The Pocket Fetal Doppler is a hand-held FHR detection device, it is used for non-invasive measurement and display of the fetal heart rate (FHR) utilizing Doppler ultrasound. The Pocket Fetal Doppler consists of two models (CONTEC10C, CONTEC10CL). Both models have two hand-held components, a main unit and a probe. The device contains components of ultrasonic signal transmitter and receiver, analog signals processing unit, FHR calculating unit, and LCD display control unit.
The provided text is a 510(k) Premarket Notification for a Pocket Fetal Doppler. It details the device's characteristics, indications for use, comparison to a predicate device, and results of non-clinical testing. However, it does not include information about acceptance criteria for performance metrics (beyond resolution and accuracy values), NOR does it describe a study involving human readers or experts to prove the device meets these criteria.
Therefore, many of the requested points cannot be extracted from the provided text.
Based on the information available:
1. A table of acceptance criteria and the reported device performance
The document provides performance specifications for the device and a predicate, but doesn't explicitly state "acceptance criteria" in a pass/fail sense in this section. It lists the device's performance characteristics.
| Performance Parameter | Acceptance Criteria (Not explicitly stated as such, but implied by device specification) | Reported Device Performance (Subject Device) | Reported Device Performance (Predicate Device) |
|---|---|---|---|
| FHR Measuring Range | (Not stated as separate criteria, but within acceptable range for fetal heart rate) | 50 BPM ~ 240 BPM | 50-210 bpm |
| Resolution | 1 BPM | 1 BPM | 1 bpm |
| Accuracy | ±2 BPM | ±2 BPM | ±2 bpm |
| Acoustic Output (ISATA) | < 20 mW/cm² (FDA recommendation) | < 20 mW/cm² | 2.0MHz – 17.24 mW/cm²2.5MHz – 18.57 mW/cm²3.0MHz – 11.496 mW/cm² |
2. Sample size used for the test set and the data provenance (e.g., country of origin of the data, retrospective or prospective)

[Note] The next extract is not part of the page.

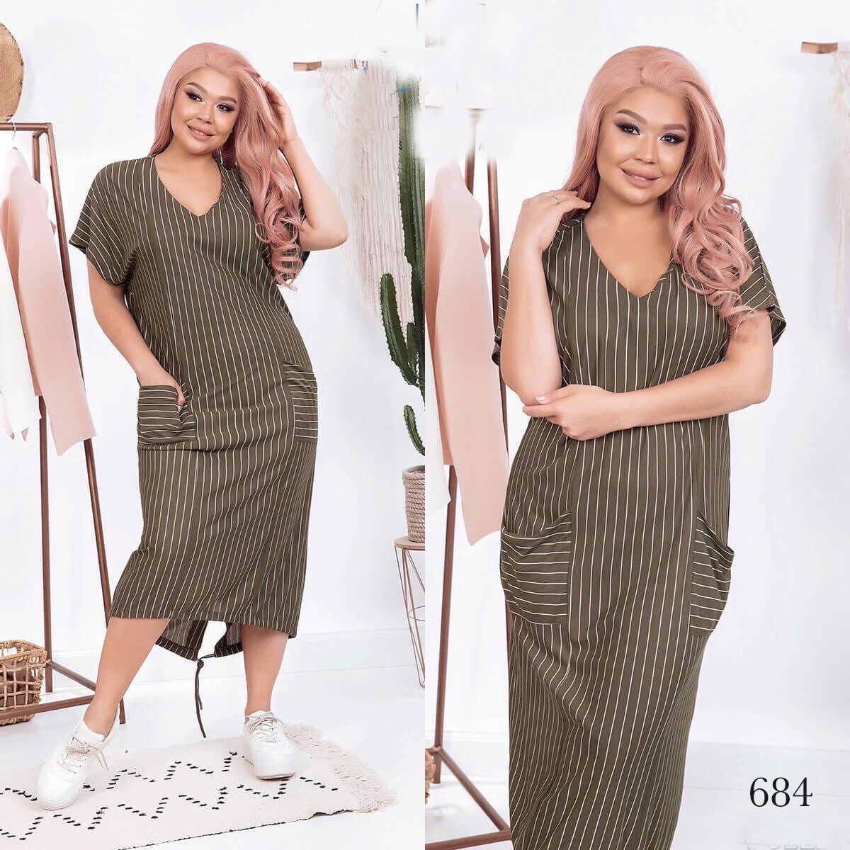 Платье свободного кроя в полоску цвет хаки 684, Цвет: Хаки, Размер: 54-56 UKR, фото
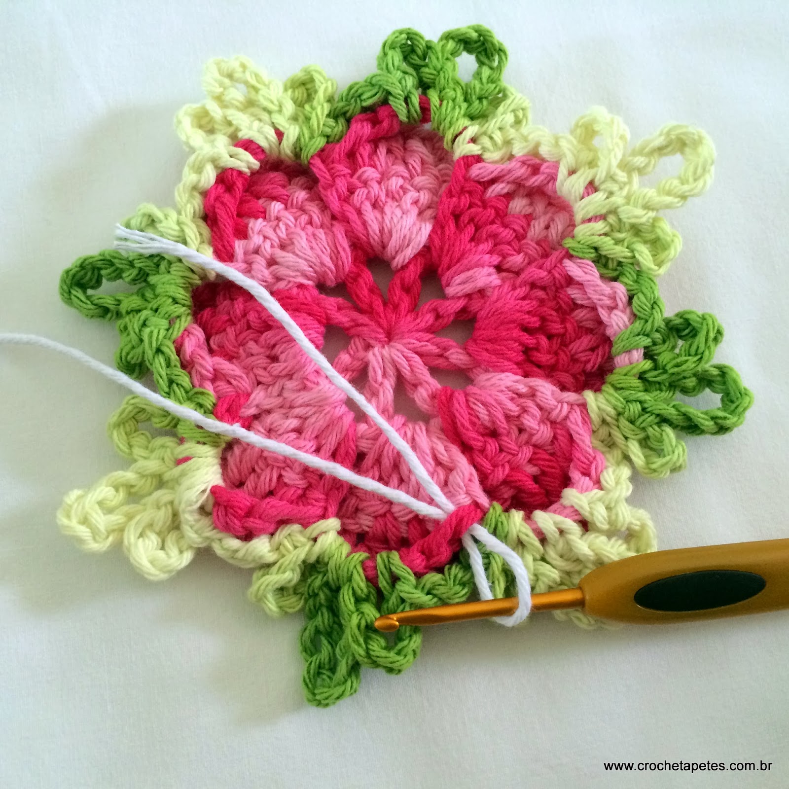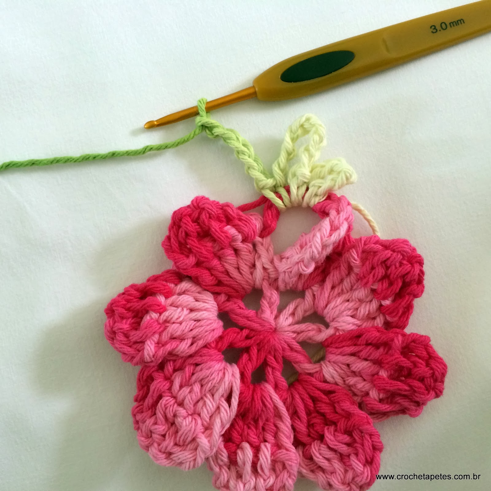 18 - Pelo lado direito da flor faça 5 correntes

Not provided in the document. The testing described is non-clinical performance and safety testing, not human use studies with a test set of data.

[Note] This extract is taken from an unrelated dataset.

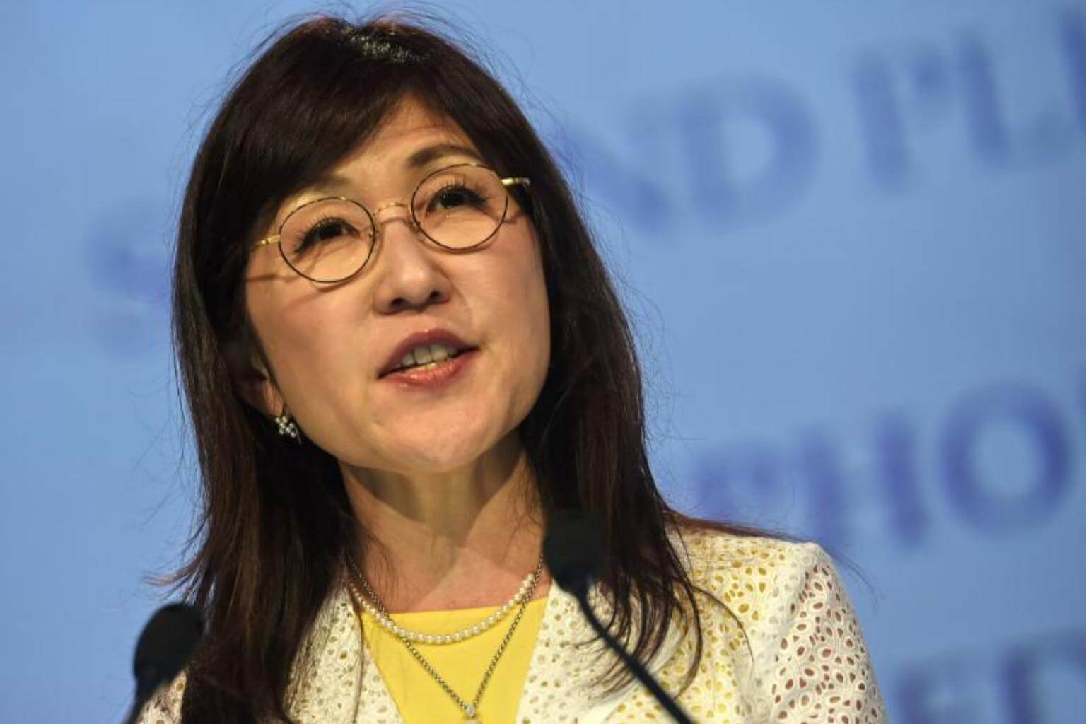 Japanese Defense Minister Tomomi Inada delivers her speech during the second plenary session at the 16th Institute for Strategic Studies (IISS), Shangri-La Dialogue Summit in Singapore on June 3, 2017.

3. Number of experts used to establish the ground truth for the test set and the qualifications of those experts (e.g., radiologist with 10 years of experience)
Not applicable. No human experts were used for a test set in the context of device performance claims based on this document. The testing focused on device specifications and compliance with standards.
4. Adjudication method (e.g., 2+1, 3+1, none) for the test set
Not applicable. No test set involving human interpretation/adjudication was described.
5. If a multi-reader multi-case (MRMC) comparative effectiveness study was done, If so, what was the effect size of how much human readers improve with AI vs without AI assistance
Not applicable. This device is a direct measurement tool (Fetal Doppler) and does not involve AI assistance or human interpretation/improvement studies as described in the document.
6. If a standalone (i.e. algorithm only without human-in-the-loop performance) was done
This largely describes the type of testing performed. The device's performance (FHR range, resolution, accuracy) was tested in a standalone capacity against specifications, not as part of an algorithm's performance in image interpretation. The testing validated the device's ability to measure FHR.
7. The type of ground truth used (expert consensus, pathology, outcomes data, etc.)
For the device performance metrics (FHR range, resolution, accuracy), the "ground truth" would be established by calibrated measurement equipment and reference standards typically used in medical device testing, not biological ground truth like pathology or outcomes.
8. The sample size for the training set
Not applicable. This document does not describe the development or testing of an AI algorithm with training data.
9. How the ground truth for the training set was established
Not applicable. No training set for an AI algorithm was described.